### EXERCISE GOAL
The copy has to match the data exactly and leave out every picture.
----- AVAILABLE DATA -----
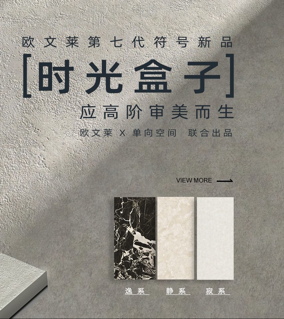 欧文莱推出瓷砖高级灰的标准,创建了一套用于瓷砖研发的灰度理论,以数据量化的方式分析出设计与生产中色彩灰调的深浅冷暖,指导产品研发制造。从“欧文莱灰”、“灰印象”、“量子灰”、“高级灰4.0”、“触感5系”、“清新系”到“时光盒子”,“大地主义,“人文主义”,欧文莱符号产品已迭代创新至第九代,向挖掘消费者潜在需求不断深化。
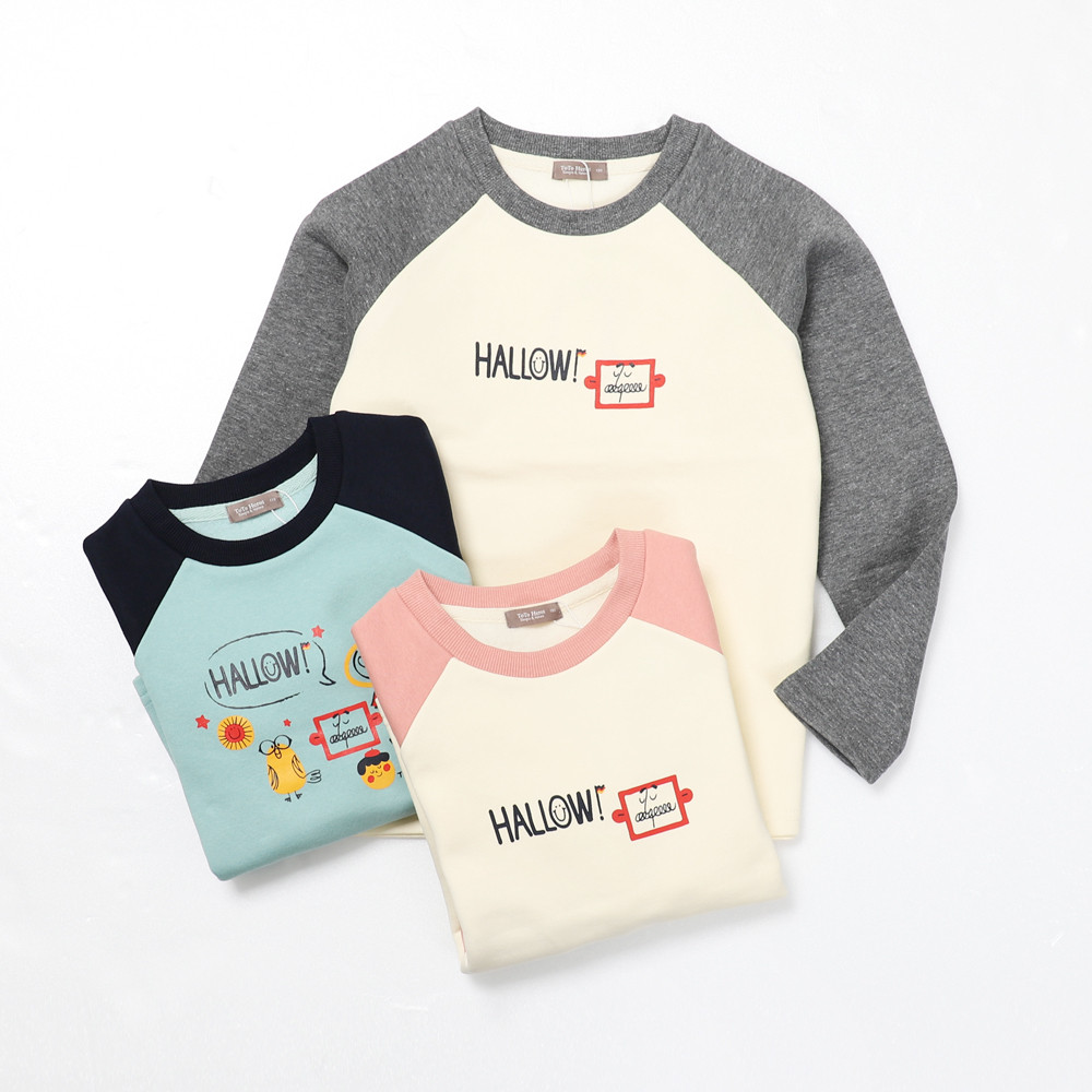 찬바람이 불때,따뜻하게 입을 수 있는 부드러운 감촉의 기모티셔츠입니다. 100,110,120 사이즈는 귀여운 일러스트가 그려져있고, 130,140,150 사이즈는 깔끔한 시크한 디자인입니다
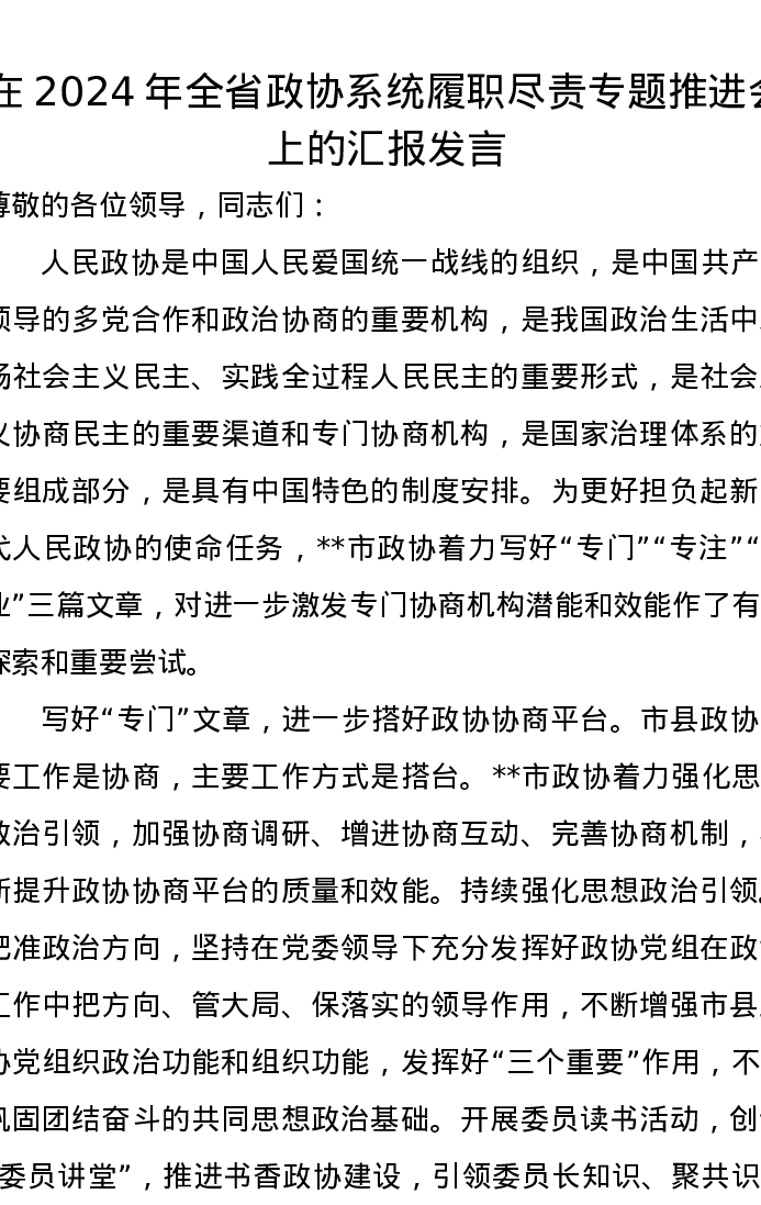 在2024年全省政协系统履职尽责专题推进会上的汇报发言
-----
### WRITTEN SOLUTION
 欧文莱推出瓷砖高级灰的标准,创建了一套用于瓷砖研发的灰度理论,以数据量化的方式分析出设计与生产中色彩灰调的深浅冷暖,指导产品研发制造。从“欧文莱灰”、“灰印象”、“量子灰”、“高级灰4.0”、“触感5系”、“清新系”到“时光盒子”,“大地主义,“人文主义”,欧文莱符号产品已迭代创新至第九代,向挖掘消费者潜在需求不断深化。
 찬바람이 불때,따뜻하게 입을 수 있는 부드러운 감촉의 기모티셔츠입니다. 100,110,120 사이즈는 귀여운 일러스트가 그려져있고, 130,140,150 사이즈는 깔끔한 시크한 디자인입니다
 在2024年全省政协系统履职尽责专题推进会上的汇报发言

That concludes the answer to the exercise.